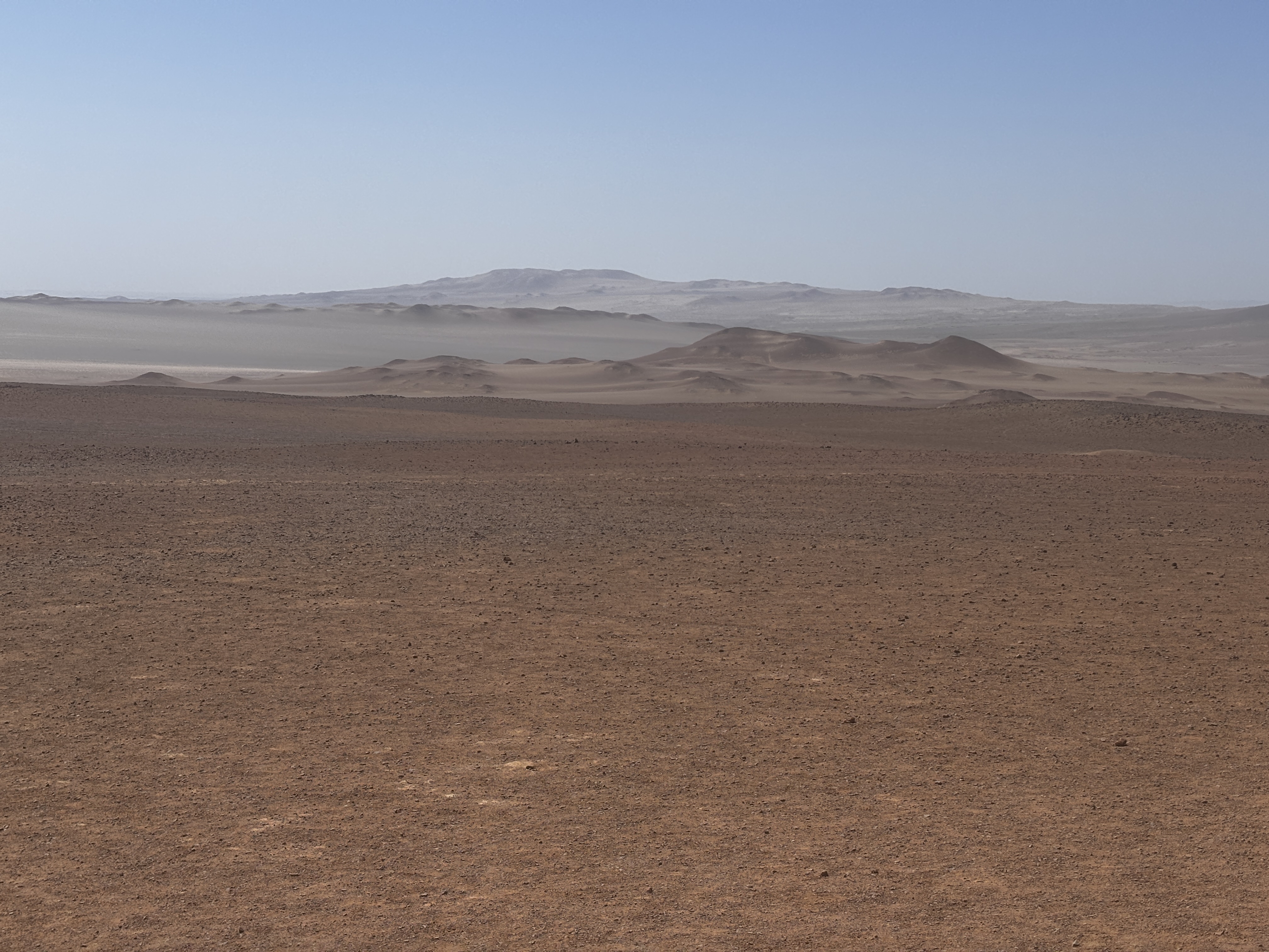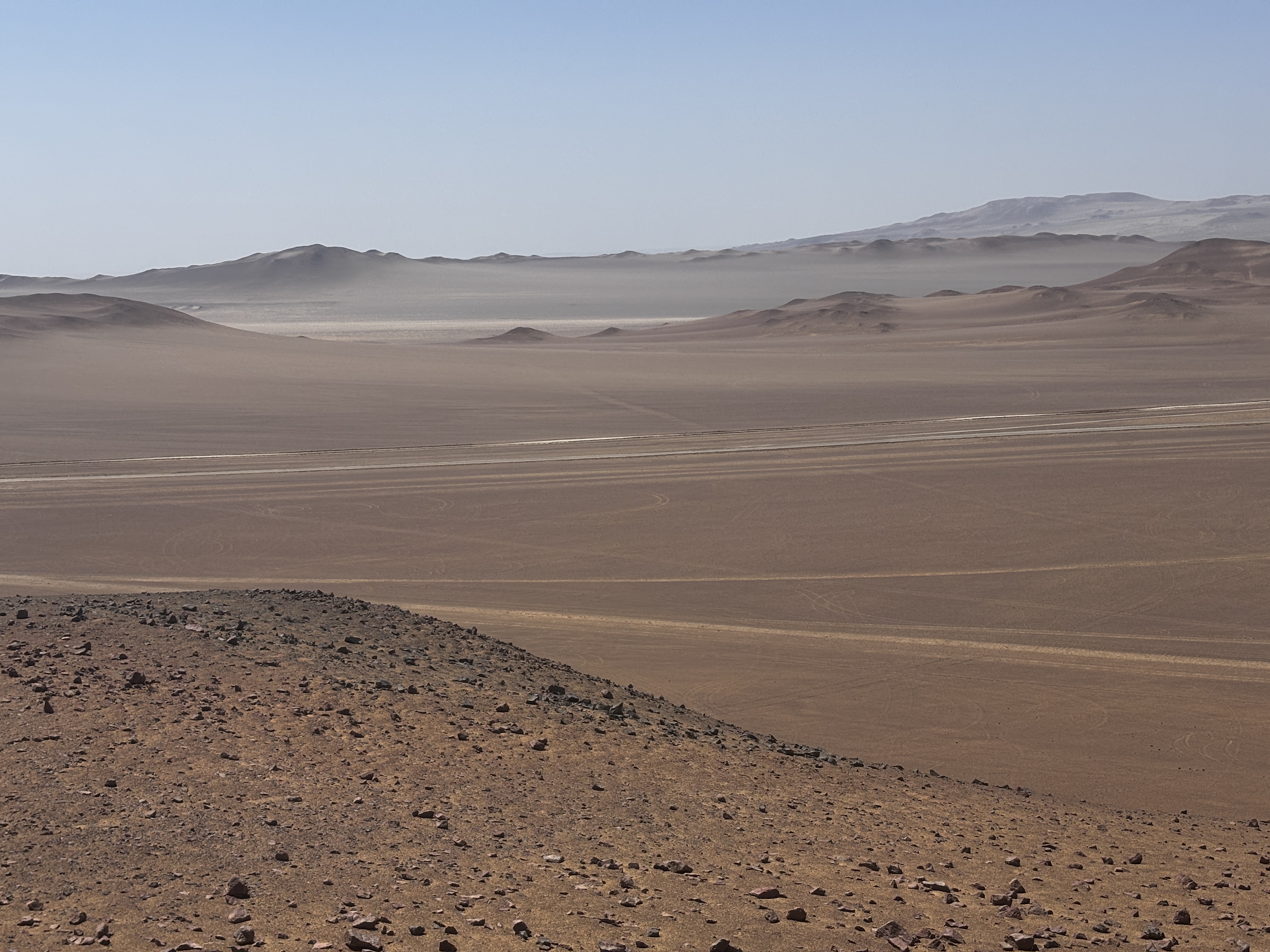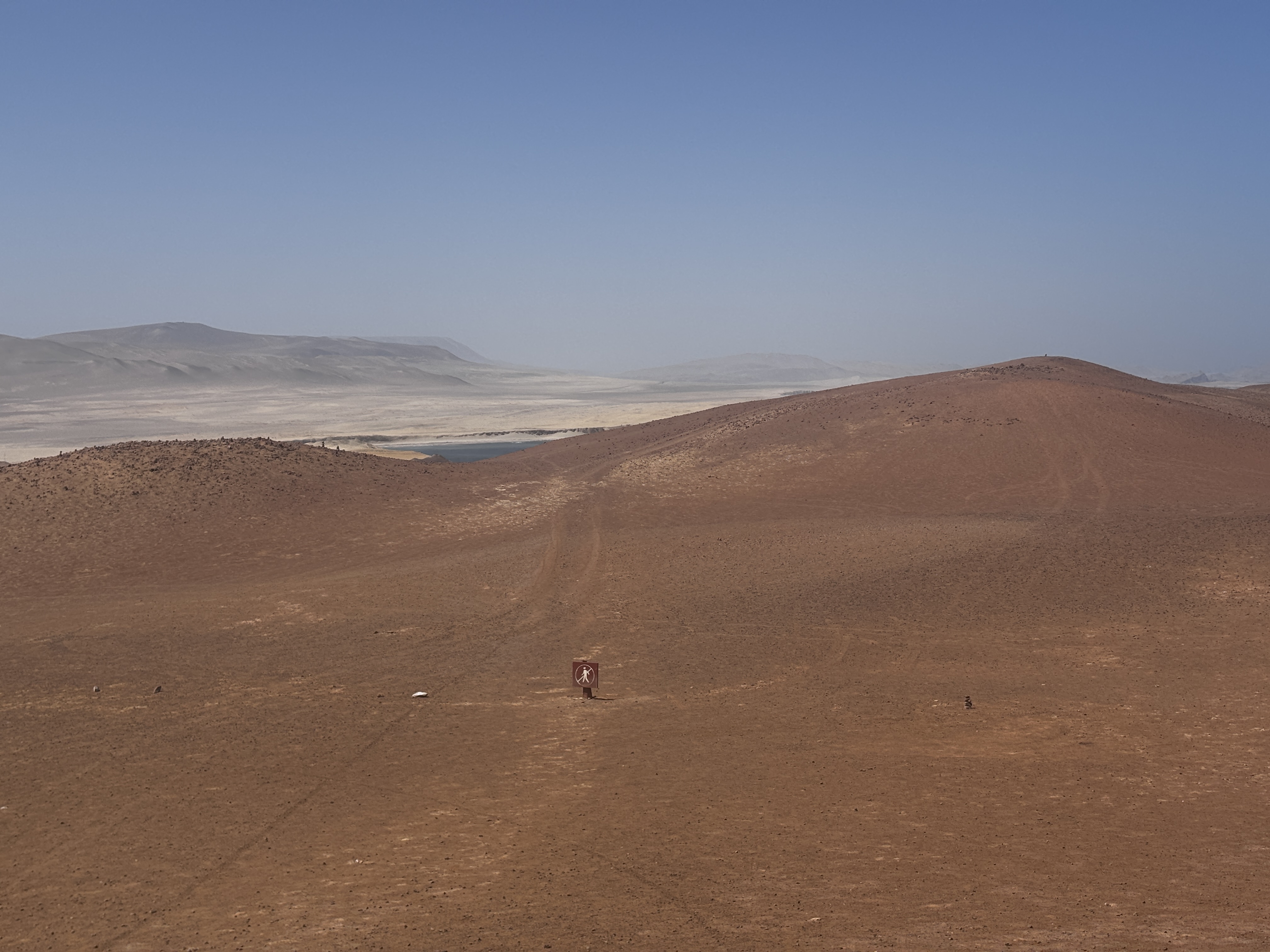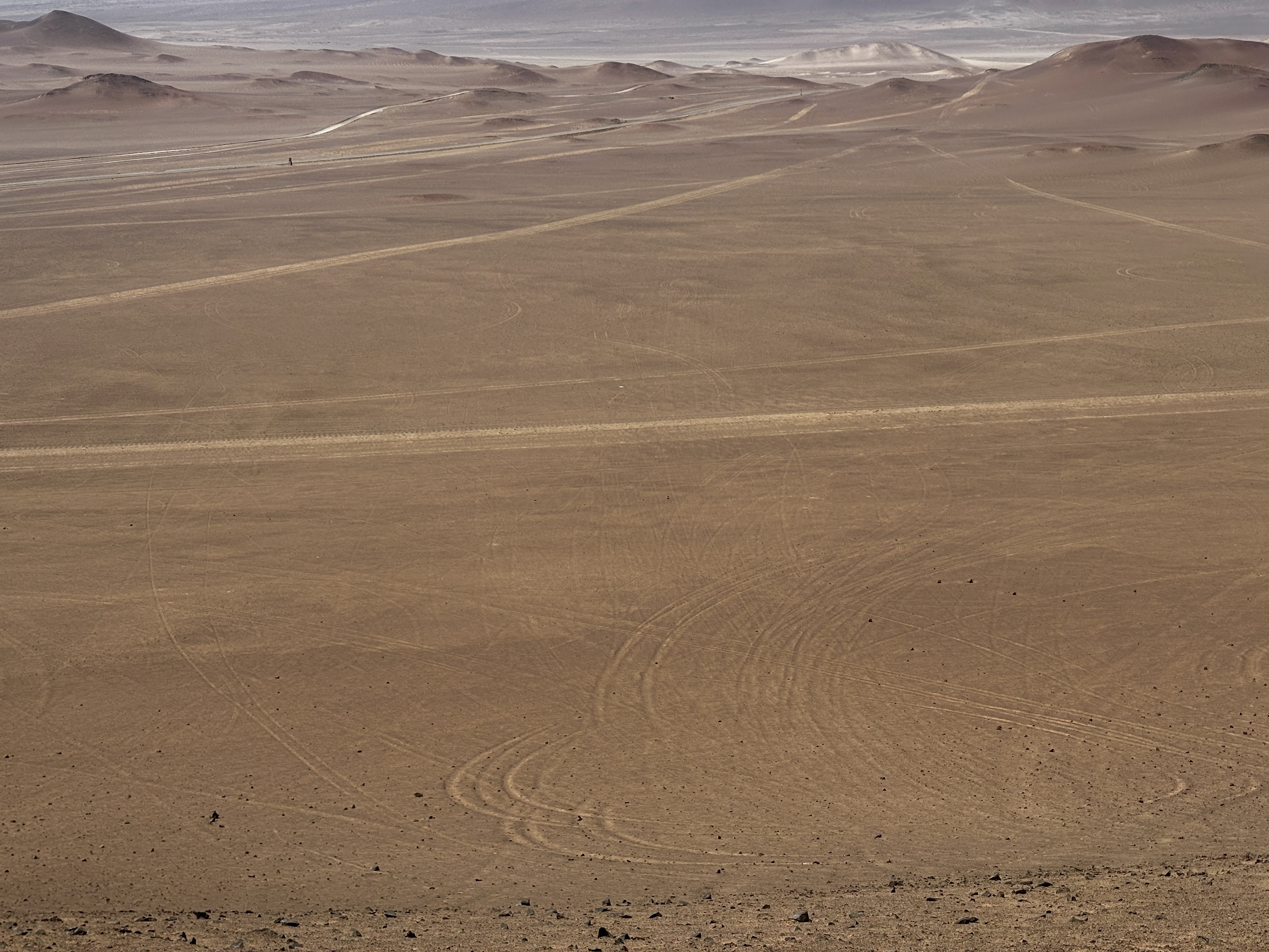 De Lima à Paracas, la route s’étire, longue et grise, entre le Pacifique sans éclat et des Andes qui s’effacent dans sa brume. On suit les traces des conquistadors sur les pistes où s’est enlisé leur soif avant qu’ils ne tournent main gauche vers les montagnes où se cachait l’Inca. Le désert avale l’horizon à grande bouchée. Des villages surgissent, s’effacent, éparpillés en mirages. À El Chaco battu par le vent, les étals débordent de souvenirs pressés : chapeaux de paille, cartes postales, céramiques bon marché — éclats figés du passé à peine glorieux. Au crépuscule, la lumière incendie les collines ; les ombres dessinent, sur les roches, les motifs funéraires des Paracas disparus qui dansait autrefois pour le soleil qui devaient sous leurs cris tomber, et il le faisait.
* * * * * * *
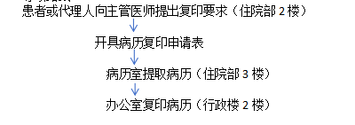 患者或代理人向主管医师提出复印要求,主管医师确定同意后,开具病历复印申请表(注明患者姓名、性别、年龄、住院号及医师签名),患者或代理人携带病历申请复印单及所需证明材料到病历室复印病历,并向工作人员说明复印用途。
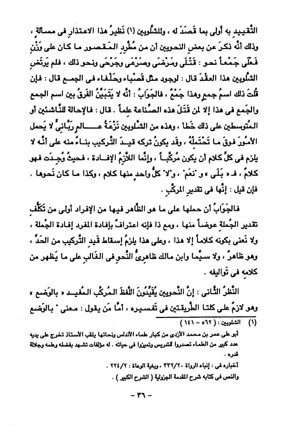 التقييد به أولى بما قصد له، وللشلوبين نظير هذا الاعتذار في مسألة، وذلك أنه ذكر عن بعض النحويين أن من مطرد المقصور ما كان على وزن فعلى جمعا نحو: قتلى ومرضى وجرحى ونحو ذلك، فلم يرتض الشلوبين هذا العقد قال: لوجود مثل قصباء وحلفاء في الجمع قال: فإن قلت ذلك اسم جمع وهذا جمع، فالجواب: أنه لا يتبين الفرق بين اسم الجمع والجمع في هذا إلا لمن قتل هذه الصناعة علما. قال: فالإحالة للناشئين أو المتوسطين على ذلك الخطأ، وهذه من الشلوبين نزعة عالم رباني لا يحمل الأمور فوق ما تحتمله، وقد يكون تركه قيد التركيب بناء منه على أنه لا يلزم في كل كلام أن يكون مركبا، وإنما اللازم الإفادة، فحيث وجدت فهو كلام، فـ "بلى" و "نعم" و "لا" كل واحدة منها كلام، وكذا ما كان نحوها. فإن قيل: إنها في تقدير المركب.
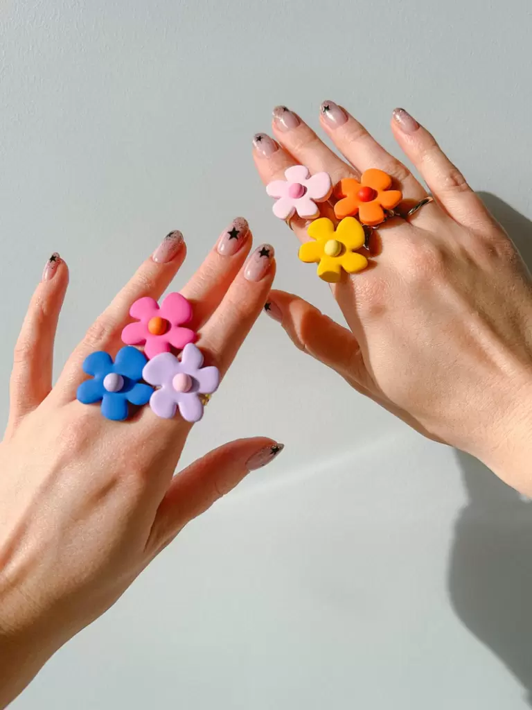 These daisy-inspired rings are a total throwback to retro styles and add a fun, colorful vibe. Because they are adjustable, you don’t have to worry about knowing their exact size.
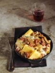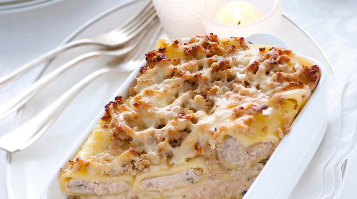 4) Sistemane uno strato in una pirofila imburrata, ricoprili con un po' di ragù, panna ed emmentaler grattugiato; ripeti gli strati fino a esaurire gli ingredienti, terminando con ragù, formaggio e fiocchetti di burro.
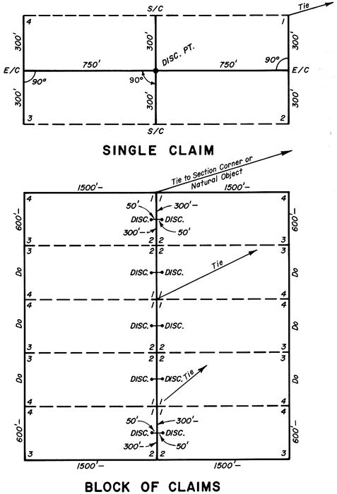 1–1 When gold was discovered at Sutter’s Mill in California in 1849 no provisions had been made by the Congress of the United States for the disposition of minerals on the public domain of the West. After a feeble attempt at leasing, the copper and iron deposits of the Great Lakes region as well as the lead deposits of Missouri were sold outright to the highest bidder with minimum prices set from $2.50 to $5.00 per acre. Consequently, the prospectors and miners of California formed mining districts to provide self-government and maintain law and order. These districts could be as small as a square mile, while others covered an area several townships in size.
* * * * * * *
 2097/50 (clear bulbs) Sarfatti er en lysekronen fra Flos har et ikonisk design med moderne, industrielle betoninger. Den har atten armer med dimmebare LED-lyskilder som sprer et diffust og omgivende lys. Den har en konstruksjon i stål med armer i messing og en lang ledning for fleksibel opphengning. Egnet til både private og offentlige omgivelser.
* * * * * * *
What you are asked to do
Repeat exactly, and only, the entries from the line with "患者或代理人向主管医师提出复" through the line with "4) Sistemane uno". Pictures are skipped.

Task response
 患者或代理人向主管医师提出复印要求,主管医师确定同意后,开具病历复印申请表(注明患者姓名、性别、年龄、住院号及医师签名),患者或代理人携带病历申请复印单及所需证明材料到病历室复印病历,并向工作人员说明复印用途。
 التقييد به أولى بما قصد له، وللشلوبين نظير هذا الاعتذار في مسألة، وذلك أنه ذكر عن بعض النحويين أن من مطرد المقصور ما كان على وزن فعلى جمعا نحو: قتلى ومرضى وجرحى ونحو ذلك، فلم يرتض الشلوبين هذا العقد قال: لوجود مثل قصباء وحلفاء في الجمع قال: فإن قلت ذلك اسم جمع وهذا جمع، فالجواب: أنه لا يتبين الفرق بين اسم الجمع والجمع في هذا إلا لمن قتل هذه الصناعة علما. قال: فالإحالة للناشئين أو المتوسطين على ذلك الخطأ، وهذه من الشلوبين نزعة عالم رباني لا يحمل الأمور فوق ما تحتمله، وقد يكون تركه قيد التركيب بناء منه على أنه لا يلزم في كل كلام أن يكون مركبا، وإنما اللازم الإفادة، فحيث وجدت فهو كلام، فـ "بلى" و "نعم" و "لا" كل واحدة منها كلام، وكذا ما كان نحوها. فإن قيل: إنها في تقدير المركب.
 These daisy-inspired rings are a total throwback to retro styles and add a fun, colorful vibe. Because they are adjustable, you don’t have to worry about knowing their exact size.
 4) Sistemane uno strato in una pirofila imburrata, ricoprili con un po' di ragù, panna ed emmentaler grattugiato; ripeti gli strati fino a esaurire gli ingredienti, terminando con ragù, formaggio e fiocchetti di burro.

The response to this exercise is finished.